By Kathreen Harrison | Aug 06, 2015

Food insecurity means not being able to count on three meals a day, and according to the Area Interfaith Outreach Program, "food insecure" describes almost half of the children in Knox County. The impact of regular hunger on children's learning cannot be overestimated. Nurses, guidance counselors and teachers can all give examples of many children who do not reach their potential in school because they are dealing with the effects of hunger.

The problem of hunger for children living in poverty is worst on weekends, when free school breakfasts and lunches are not available. AIO is starting a program in September at South School and Rockland District Middle School to address this problem of weekend hunger. At these schools the population of food-insecure children is very high -- the proportion those entitled to free or reduced lunches exceeds 65 percent.

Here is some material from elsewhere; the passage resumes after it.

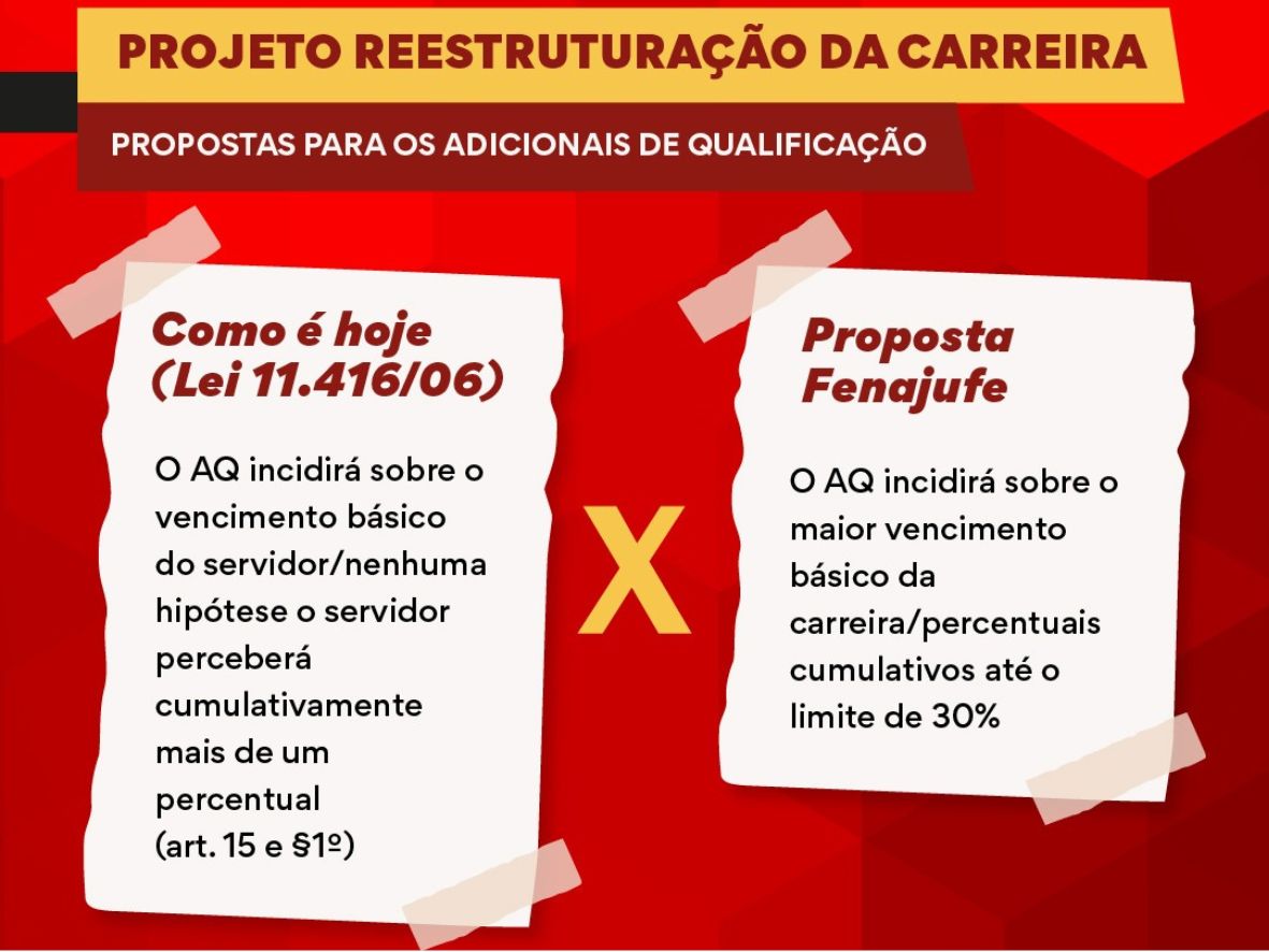 Fazem parte da proposta, que tomou como referência a carreira do Senado Federal, aumentar os percentuais dos Adicionais de Qualificação e estender o limite a 30% por acumulação, adotando o vencimento básico do cargo de analista como base de cálculo para todos os cargos, ampliar o percentual por ações de treinamento e incluí-los nos proventos de aposentadoria, além de garantir equivalência entre títulos.

The new program is called the Weekend Backpack Program, and the intention is to gradually expand it to additional schools in RSU 13 and throughout the county. The program supplies a child with enough food to take home on Friday to feed himself through the weekend, and also provide his family with one solid meal. The food is chosen carefully to appeal to children and to be nutritious. Teachers place the food in the child’s backpack while the children are out of the classroom on Fridays, thereby avoiding embarrassing needy children in front of their peers.

The program relies on community support. Sherry Cobb, spokesperson for AIO, in a short, informative video entitled "Rockland Backpack Program" (on Vimeo), says “We believe the community will come forward once they know how serious the problem is.”

AIO is offering a $225 Adopt a Backpack program, which fills a backpack for one child every Friday for one school year. Supporters can also donate another amount of their choosing (no amount is too small) and send it to:

Area Interfaith Outreach

Weekend Backpacks

P.O. Box 113

Rockland, ME 04841

AIO’s program fills me with hope for the many hungry children I have taught in our area schools. Cobb said, “When I look at the children on the playground, I think that they’re all mine.” If you, like Cobb, feel empathy for the many hungry children in our towns and believe all children deserve a fair start in life, consider supporting the Weekend Backpack program. I encourage residents of any town – not just Rockland – to support this inaugural year of the program. It takes a village.